Tesla Inc. shares climbed Thursday after analysts at Goldman Sachs boosted the price target by 70% to $780 on the clean energy car maker, ahead of its scheduled addition to the S&P 500 later this month.

The world’s most traded equity benchmark announced last month that it would list Tesla shares on December 21. That move could trigger a collective 73 million in new purchases from investment funds that track the world’s most-traded index, said Todd Rosenbluth, head of ETF and mutual fund research at CFRA, in a new analysis on passive ETFs.

This is important for every S&P 500 investor to keep in mind.

“Index-based ETFs change more often than you think,” Rosenbluth said. With the $550 billion Tesla’s approximately 1.5% addition to the market-cap weighted S&P 500, the company will also likely take a 1.5% position in the SPDR S&P 500 ETF, he said—as well as the iShares Core S&P 500 ETF and the Vanguard S&P 500 ETF.
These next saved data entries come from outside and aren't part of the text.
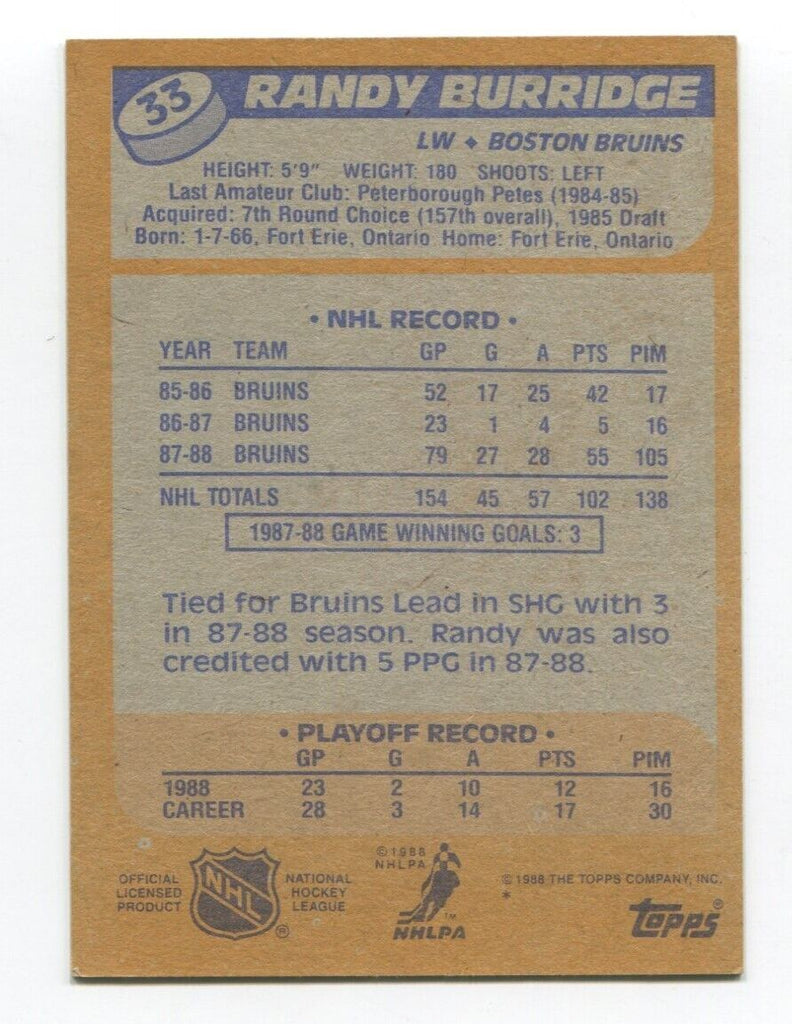 1988 Topps Randy Burridge Signed Card Hockey NHL AUTO #33 Boston Bruins
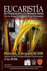 La V. H. de Jesús entrando en Jerusalén y Nuestra Señora de la Esperanza celebra mañana, miércoles 21 de marzo, una misa especial, preparatoria para la procesión del Hosanna. La eucaristía, que la Hermandad organiza por segundo año consecutivo y en esta ocasión con la Comunidad de Concepcionistas Franciscanas de la Puerta de Valencia, tendrá lugar a partir de las 20 horas en la iglesia conventual de las RR. MM. Concepcionistas.
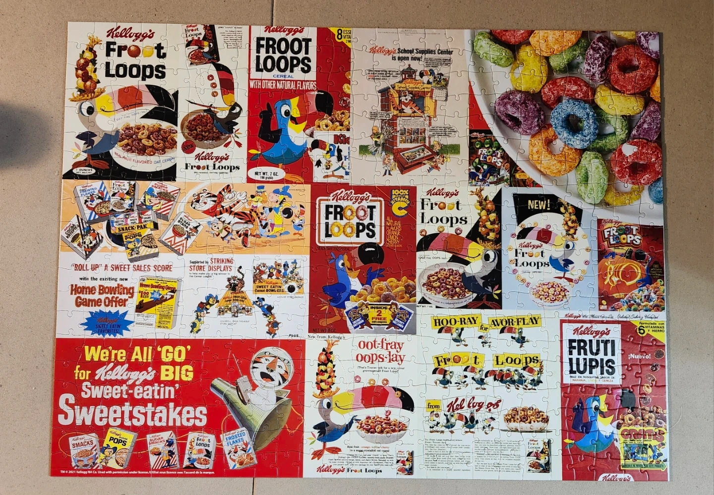 Kellogg's 4-in-1 puzzle set! Each puzzle features a different Kellogg's cereal: Corn Flakes, Cocoa Krispies, Rice Krispies, and Froot Loops. It's a fun challenge with 500 pieces per puzzle! Comes with a poster too
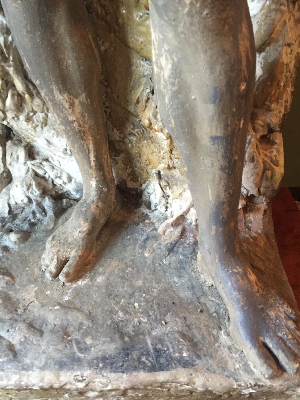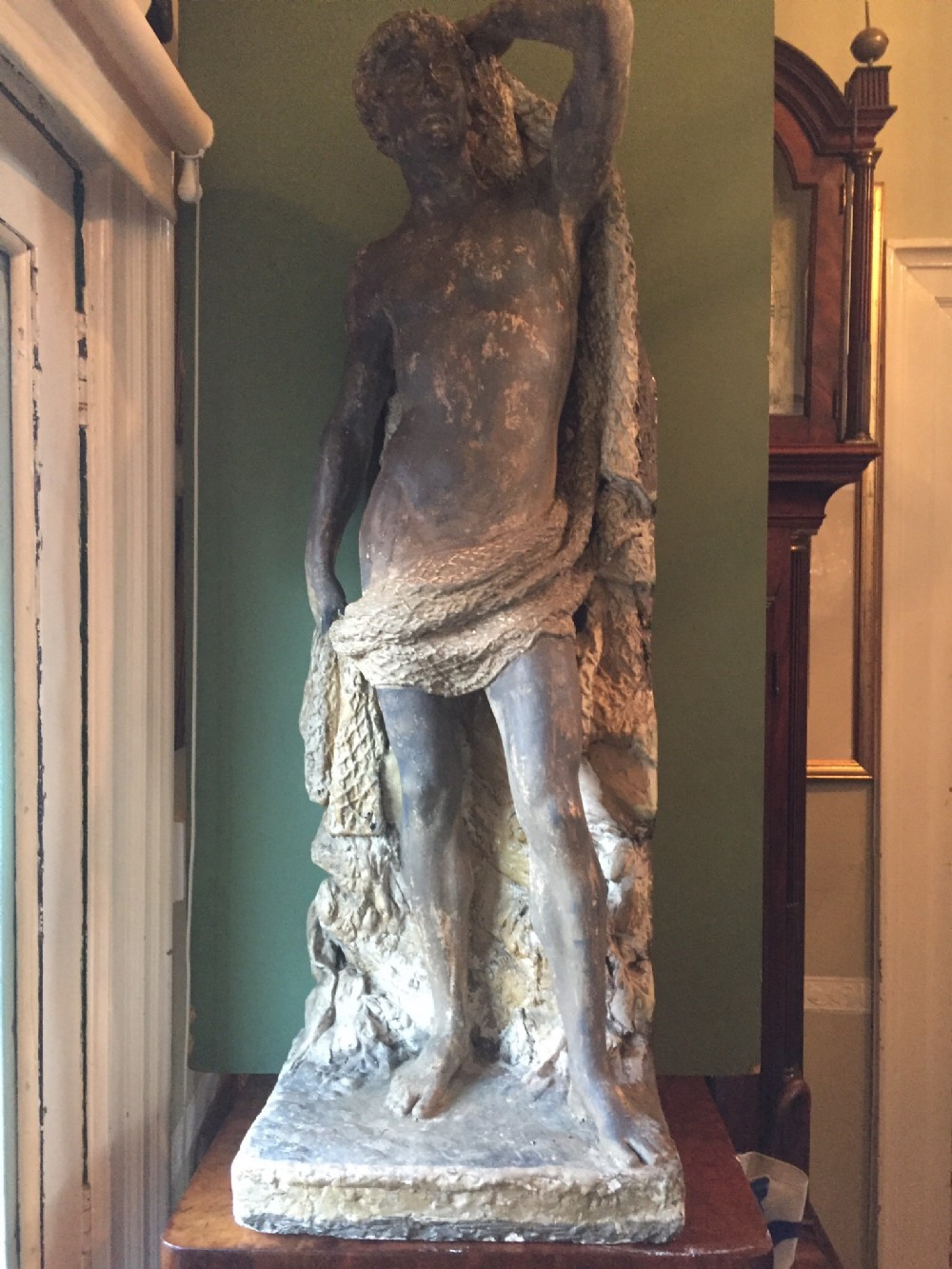 C19th 'Country-house' cast plaster classical figure. Interesting plaster figure of classical male subject depicted nude in contrapposto pose with raised arm , the torso wrapped in a fishing net . The figure stands upon a naturalistically modelled base against a rocky outcrop background . Of good scale with a worn grey paint finish in imitation of lead , some minor old repairs .
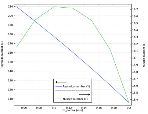 شکل 6 نشان می دهد که چگونه اعداد بی بعد رینولدز و ناسلت به این ضخامت بستگی دارند. عدد رینولدز با افزایش th p کاهش می یابد و در محدوده 100 تا 210 تغییر می کند، به این معنی که انتخاب معادله برینکمن-فورچهایمر موجه است. عدد ناسلت حداکثر در th p  = 0.125 میلی متر است.
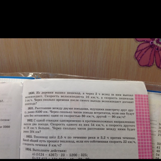 10-5=5км/ч скорость сближения пешехода и велос-та
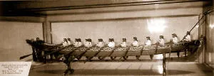 Chesapeake Эта модель была специально заказана для подарка капитану Филиппу Бруку (Phillip Broke) после захвата Chesapeake. Полковник Роджерс выкупил эту модель у одного из потомков Брука, лорда Willoughby de Broke. На этой фотографии показана корма корабля, галерея, украшения в виде скрещенных флагов и двух купидонов с обеих сторон, спущенный веревочный трап, цепные штур-тросы руля, прорез на пере руля и два пушечных порта в корме. |
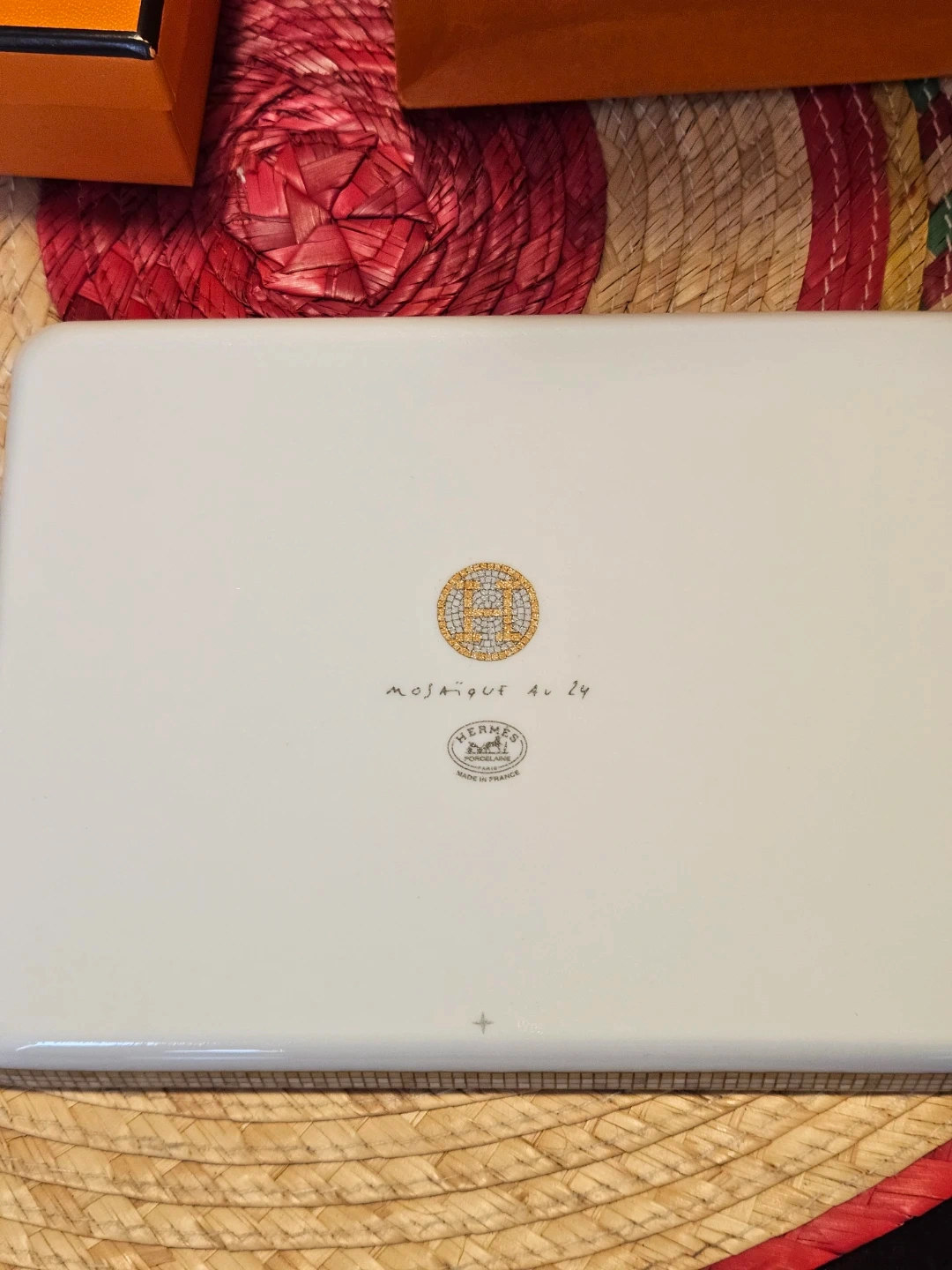 Selling a brand new Hermès Mosaique Au 24 tray! It comes with the original box and packaging. This elegant tray features a beautiful mosaic design. Perfect for adding a touch of luxury to your home decor https://www.hermes.com/ca/en/product/mosaique-au-24-platinum-tray-small-model-P035089P/
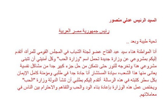 "ها هي محاكم الأسرة فيها ما لا عين رأت ولا أذن سمعت من الحكايات المأسوية، وها هي صفحات الحوادث مليئة بالجرائم التي تخرج عن نطاق الإنسانية، ومعظمها يرجع سببه إلى أن الناس لم تعد تتعامل بالأصول، ونسيت قلوبها قيمة الحب والمودة والرحمة، لا صغير يحترم كبيراً، ولا كبير يقدر الضغوط المحيطة بالصغير"، هكذا كتبت هناء عبد الفتاح، عضو لجنة الشباب في المجلس القومي للمرأة، في نص مشروعها الذي تقدمت به إلى رئاسة الجمهورية لإنشاء "وزارة الحب"، لتكون ضمن الحقائب الوزارية في مصر.
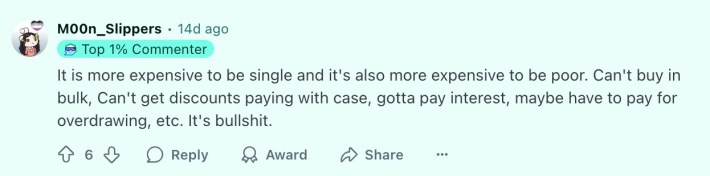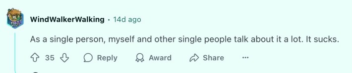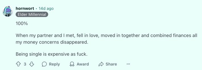 "This feels like the biggest financial barrier that no one talks about," wrote u/dmans218, a redditor from Canada. "The economy is designed for pairs. Not individuals."
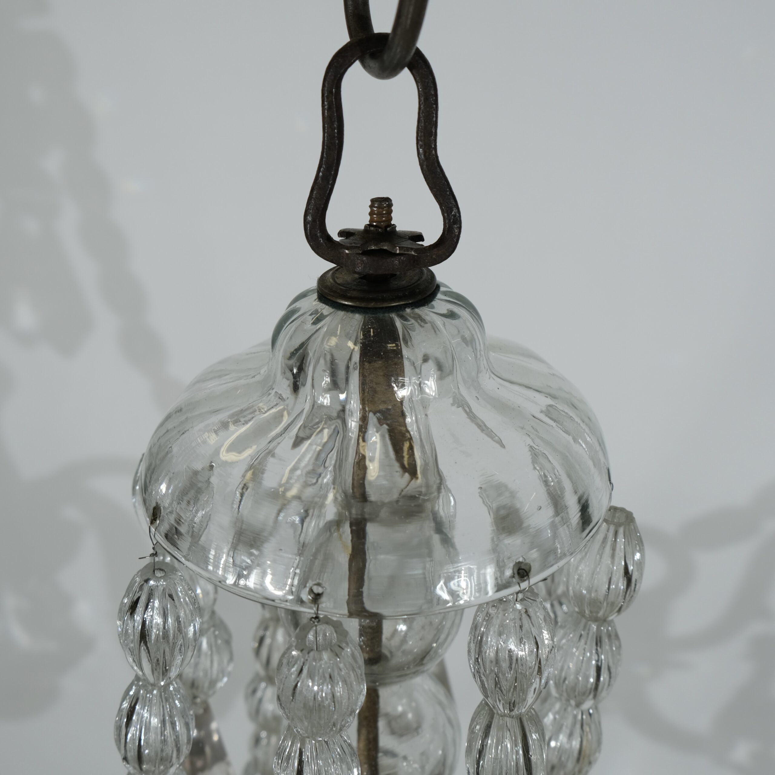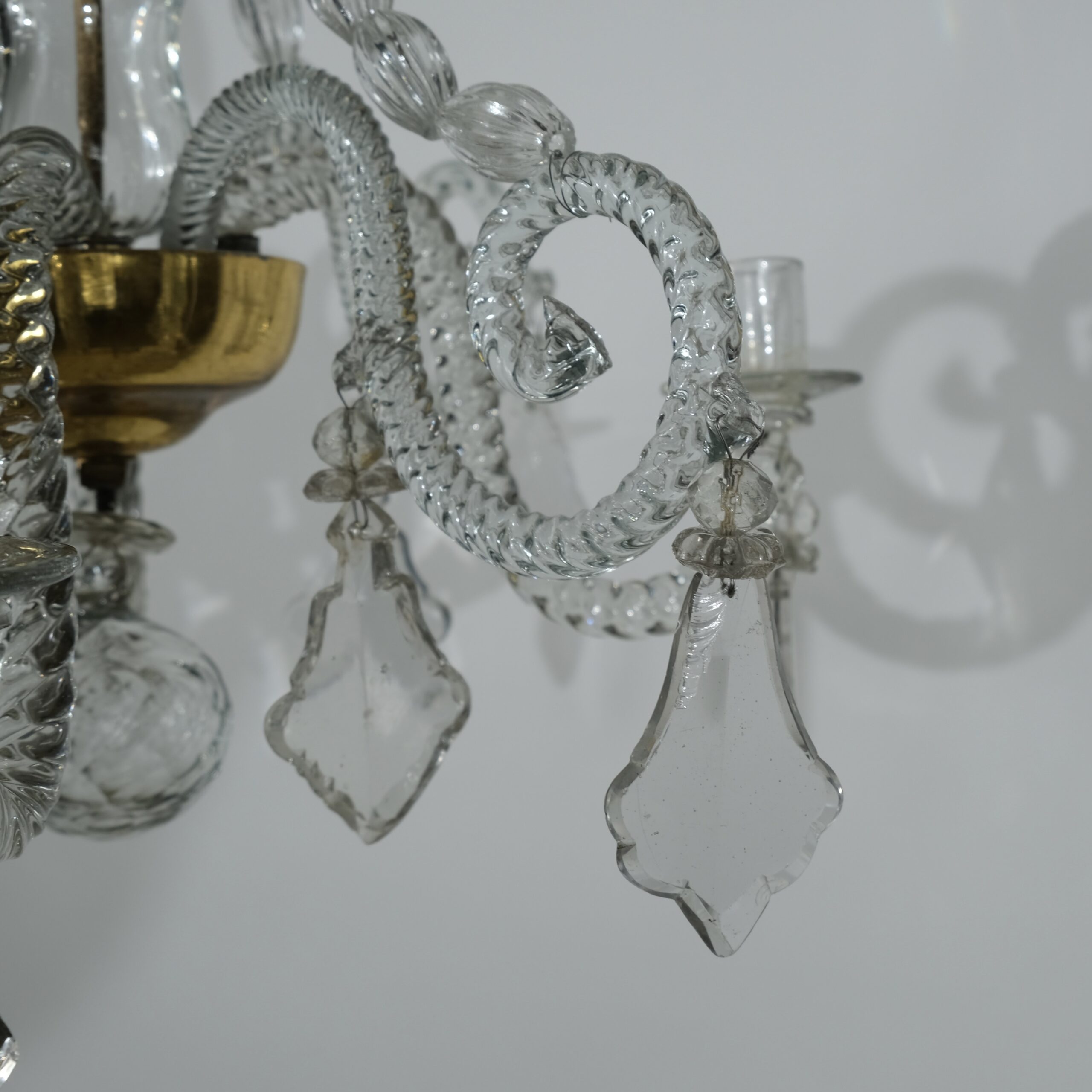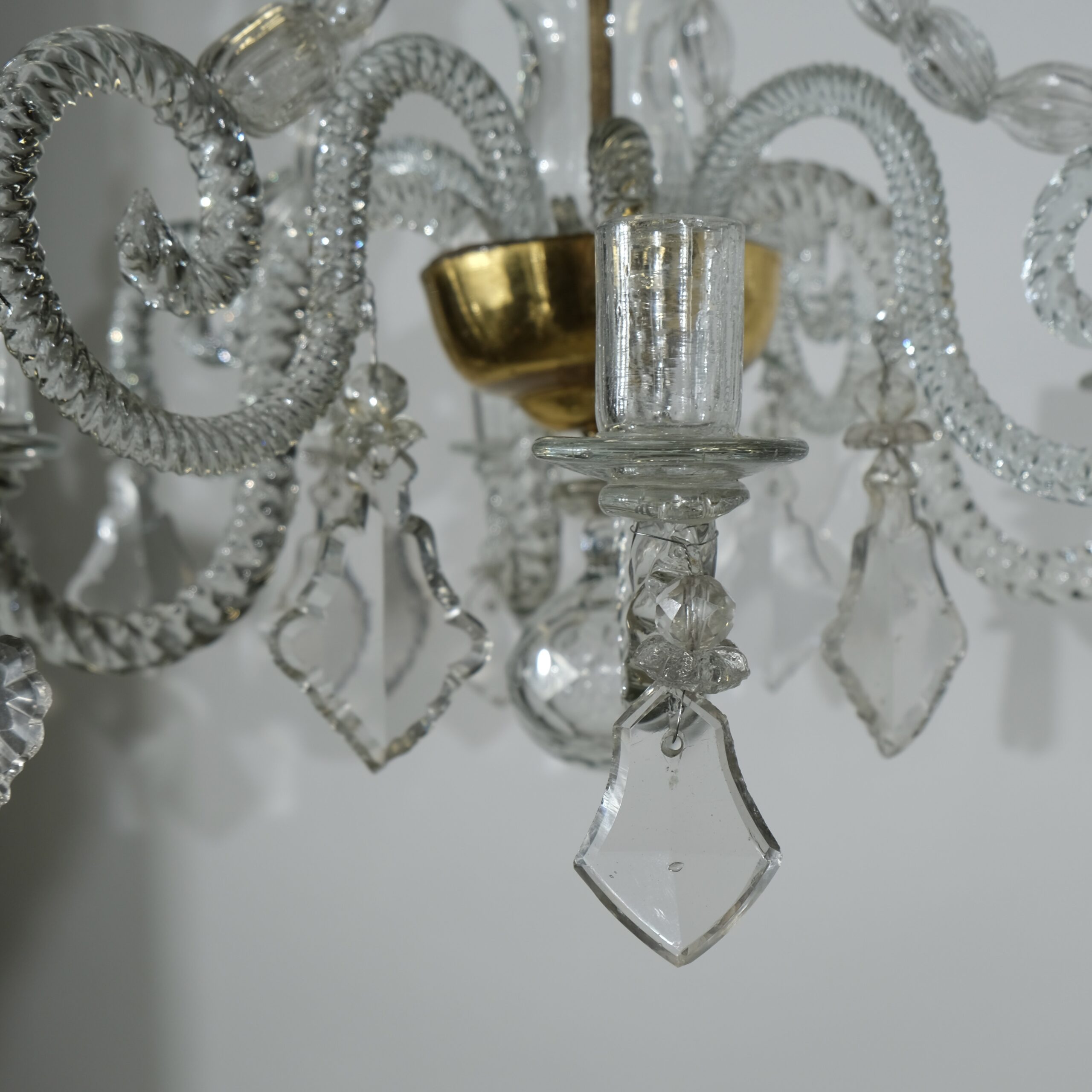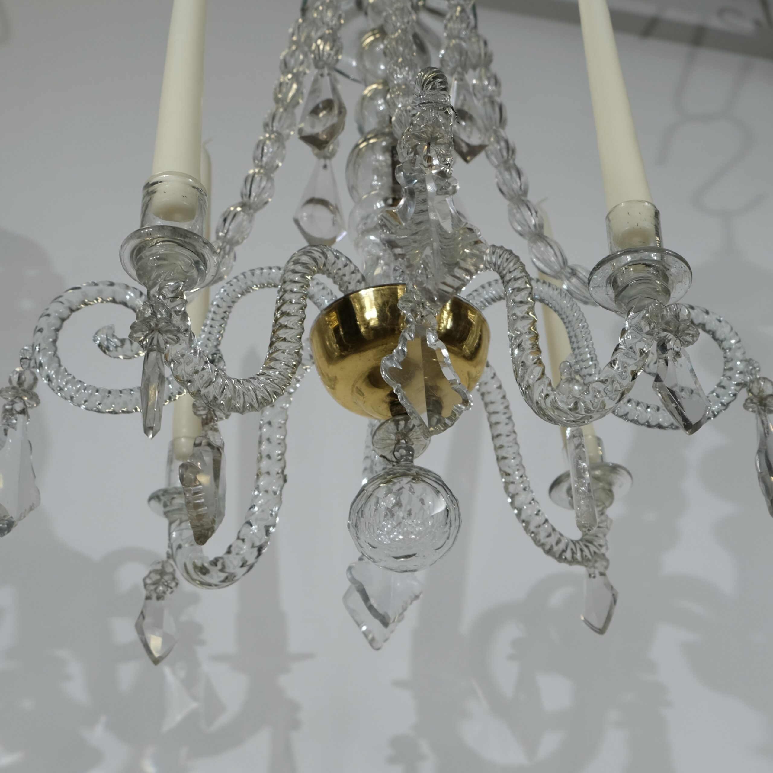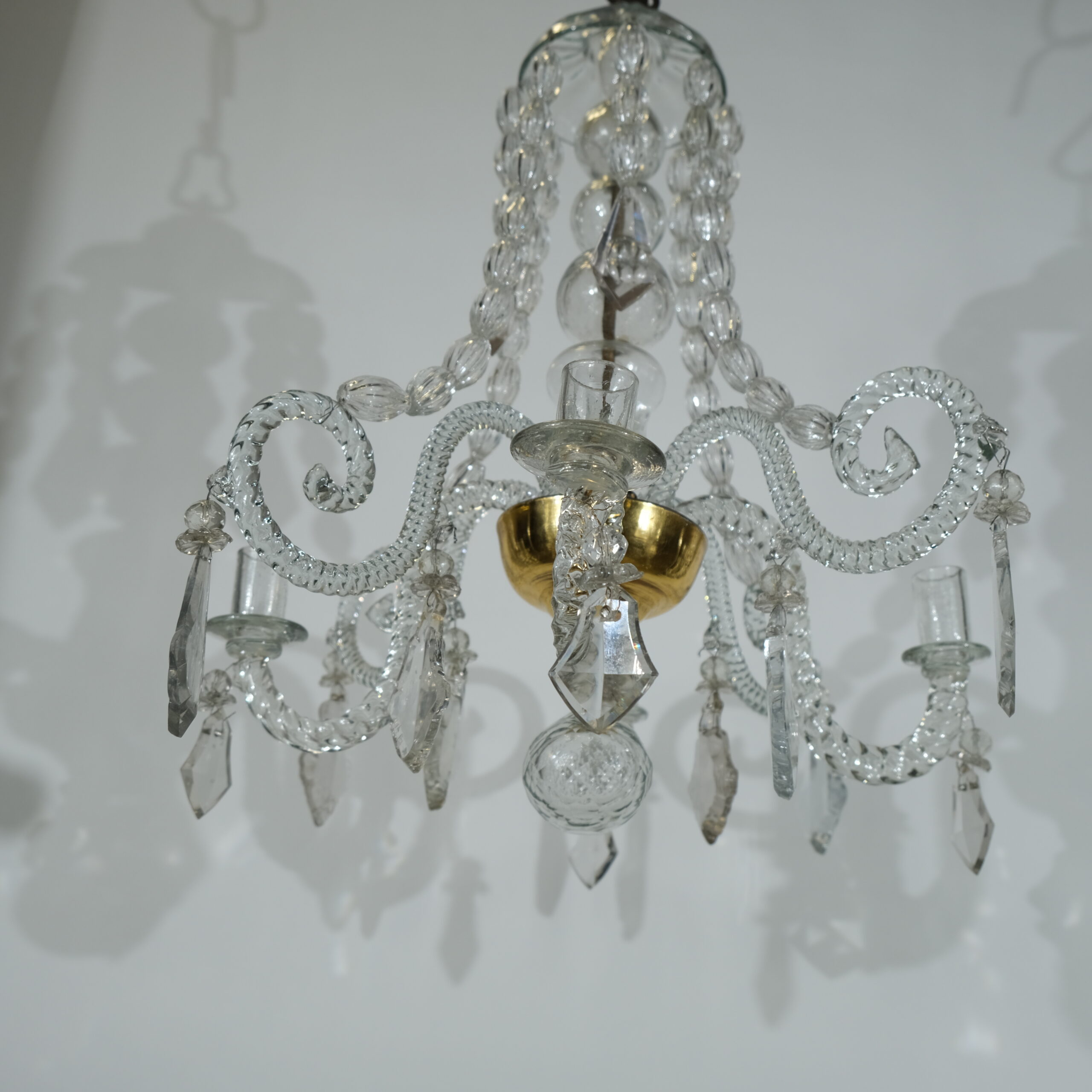 A small 18th c chandelier in unusually good condition. The central part of the chandelier has a stem of blown crystal balls that all are kept together by a forged iron pool. The four arms with candleholders as well as the decorative ribs in-between are all made of crystal glass in the fashion of the 18th c.

Combined, these ETFs manage approximately $540 billion in assets, and while annual turnover is just 3%, the impact for ETFs will be notable, Rosenbluth predicted. “It is not yet known what stock [Tesla] is replacing, but it will likely come from the smallest in the S&P 500 index, while ETFs will trim exposure to other stocks, including mega-caps Johnson & Johnson and Procter & Gamble to make room in the portfolio,” he added.

A Tale Of Two Low-Volatility Funds
Investors in smart-beta ETFs, meanwhile, are incurring modestly higher turnover than market-cap weighted funds. In November, two lower-volatility ETFs, the iShares Edge MSCI USA Min Vol Factor ETF and the Invesco S&P 500 Low Volatility ETF, were among those reconstituted, Rosenbluth said.

Unlike the SPDR S&P 500 fund, “which makes few changes at seemingly random times, ETFs focused on lower volatility, quality and other smart-beta investment styles will be reconstituted on a set schedule during the year as the broader stock universe is rerun through screens predetermined by the index provider,” said Rosenbluth.

The Invesco low-volatility fund was reconstituted in late November to own the 100 least volatile stocks in the S&P 500. It has an annualized turnover of 49%, but unlike some mutual funds with a similar turnover rate, the ETF is not expecting to pass along any capital gains in 2020, Rosenbluth noted.

During the latest portfolio changes, the Invesco low volatility fund modestly increased exposure to consumer staples (raising them to 26% of assets from 24%) and reduced its exposure to utilities (which fell to 4%, down from 6%) since the fund rebalanced in February 2020, Rosenbluth said.

The iShares low-volatility fund, meanwhile, saw its stake in communications services boosted by the addition of video game makers Activision Blizzard and Electronic Arts. “The fund's 11% stake in consumer staples was less than half the 26% for [Invesco’s fund]," Rosenbluth said. The iShares version is also more diversified across the sectors than Invesco’s, as it has bands preventing deviation by more than 500 basis points, he added.